Разговор оборвался на полуслове. Некоторое время мужчины сидели, уставившись в пространство. Мурат Эртекин вздохнул и заговорил, будто подбирая куски разбитого прошлого, за которыми приходится нагибаться. Он дышал все глубже:
– Вы должны понять, мистер Марсалис, что мой брак был не из удачных. Я женился молодым, поспешно, на женщине, которая очень серьезно относилась к своей вере. Пока мы оба были студентами-медиками в Стамбуле, я считал эту веру ее стержнем, но ошибся. Когда мы переехали в Америку, Хатун перестала справляться с жизнью. Тосковала по дому, Нью-Йорк ее пугал. Она так никогда и не приспособилась. Севджи родилась потому, что в то время считалось, будто рождение ребенка оживляет чувства. – На его лице возникла гримаса. – Довольно странно, если вдуматься, верить в то, что бессонные ночи, отсутствие секса, снижение доходов и вечный стресс, вызванный тем, что приходится постоянно заботиться о новом беспомощном человеке, может каким-то образом укрепить отношения, которые и без того уже дали трещину.
Карл пожал плечами:
– Люди часто верят во всякие странные вещи.
– Ну, в нашем случае это не сработало. Моя работа страдала, мы начали больше ссориться, Хатун стала еще больше бояться мегаполиса. И с головой ударилась в веру. Она и без того не выходила на улицу с непокрытой головой, а теперь начала носить чадру. Перестала принимать гостей простоволосой, и уж конечно, бросила работу, чтобы сидеть с Севджи. Отдалилась от друзей и коллег по больнице, пресекая все попытки продолжать общение, и в итоге поменяла мечеть, ушла в ту, где проповедовали допотопный ваххабитский бред.
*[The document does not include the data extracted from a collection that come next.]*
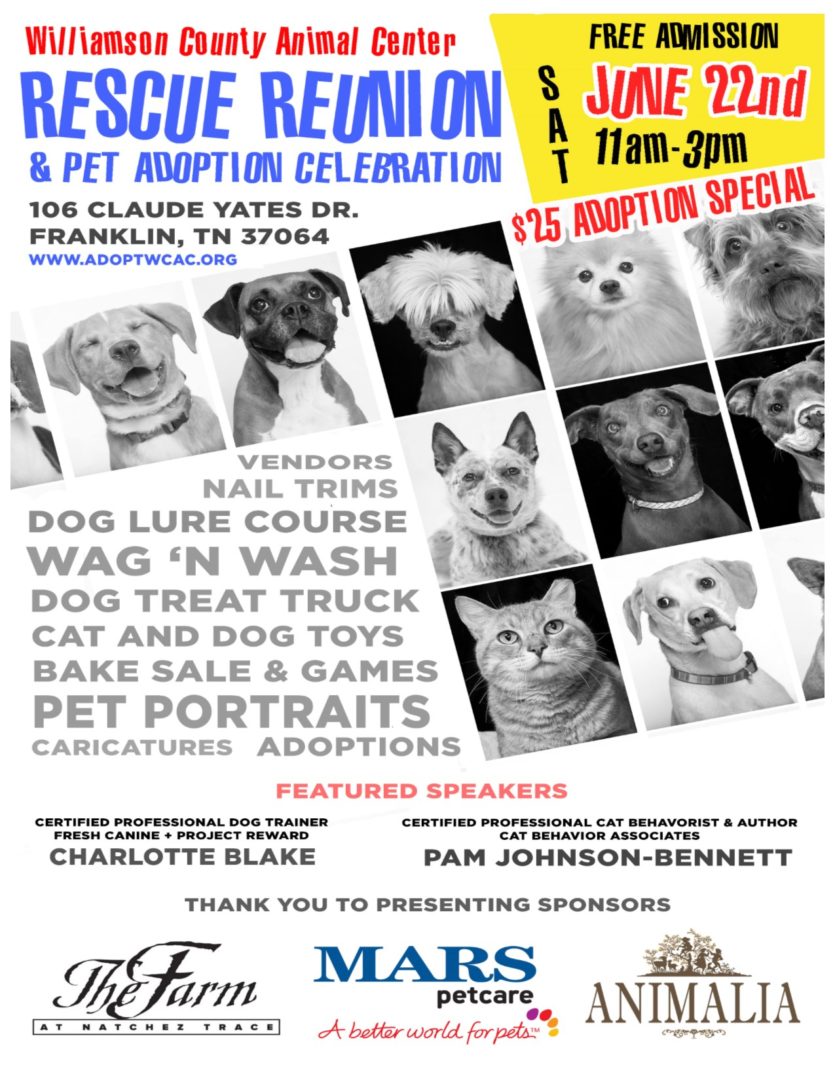 Free admission-bring your dog June 22 Williamson County Animal Center in Franklin presents a Rescue Reunion and Adoption Celebration on ...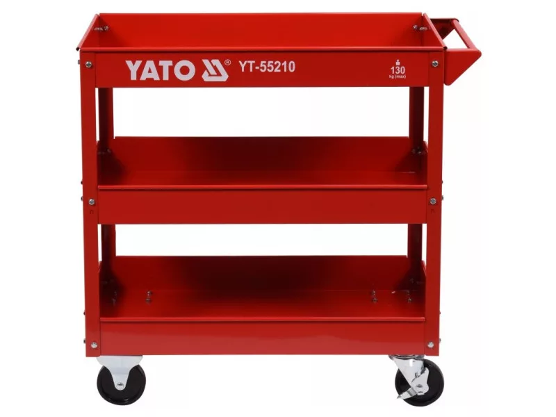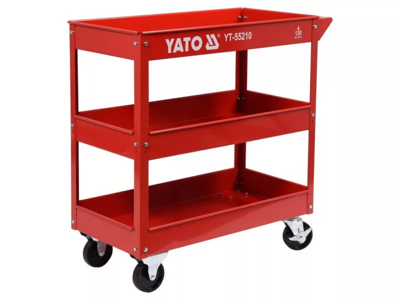 Three -level workshop stroller. Load capacity 130 kg. Practical, three -level workshop trolley with a load capacity of 130 kg. Thanks to it, you can always have the tools you need at hand. • load capacity: 130 kg • 3 comfortable shelves • durable, made of steel • has 4 wheels, including 2 torsional with a brake, the package contains a three -level workshop stroller.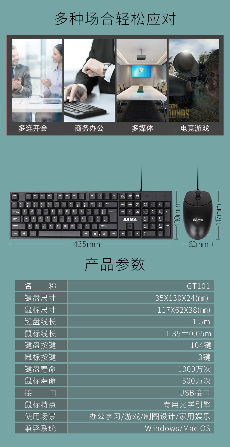 先馬SAMA 有線鍵盤鼠標套裝靜音辦公臺式電腦筆記本打字專用USB外接通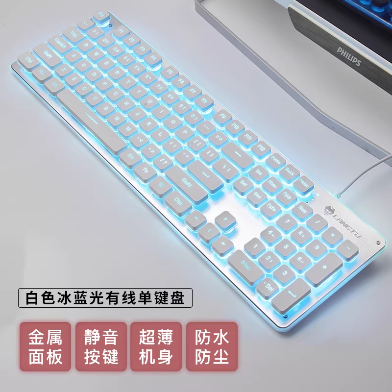 白色键盘机械手感女生笔记本有无线静音办公台式电脑鼠标套装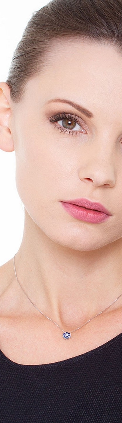 Collier en Or Blanc 18k avec Diamant et Saphirs Bleus

А Севджи тянуло ко мне. Думаю, это вообще нормально для маленькой девочки, но в данном случае речь шла о чистой самозащите. Что Севджи могла думать о своей матери? Она одинаково хорошо говорила на двух языках, росла практичным городским ребенком, умненьким, а Хатун не хотела, даже чтобы она занималась плаванием вместе с мальчиками.
Эртекин уставился на свои руки.
– Я поощрял протесты Севджи, – сказал он тихо. – Я ненавидел перемены, которые происходили с Хатун, и из-за них, возможно, даже начал ненавидеть саму Хатун. Она стала критиковать мою работу, называя ее «противной исламу», оскорбляла наших неверующих друзей и либеральных мусульман, с каждым годом становилась все более фанатичной. Я принял решение, что Севджи этим путем не пойдет. Меня приводило в восторг, когда она начинала задавать матери простые детские вопросы о Боге, на которые никто не может ответить. Радовался ее силе, решительности и уму, которые она противопоставляла пустой, заученной догме Хатун. Я подталкивал ее к риску, учил добиваться своего и защищал от матери, даже если та права, а Севджи ошибалась. И когда в конце концов ситуация стала невыносимой, Хатун оставила нас и вернулась на родину – думаю, я был рад этому.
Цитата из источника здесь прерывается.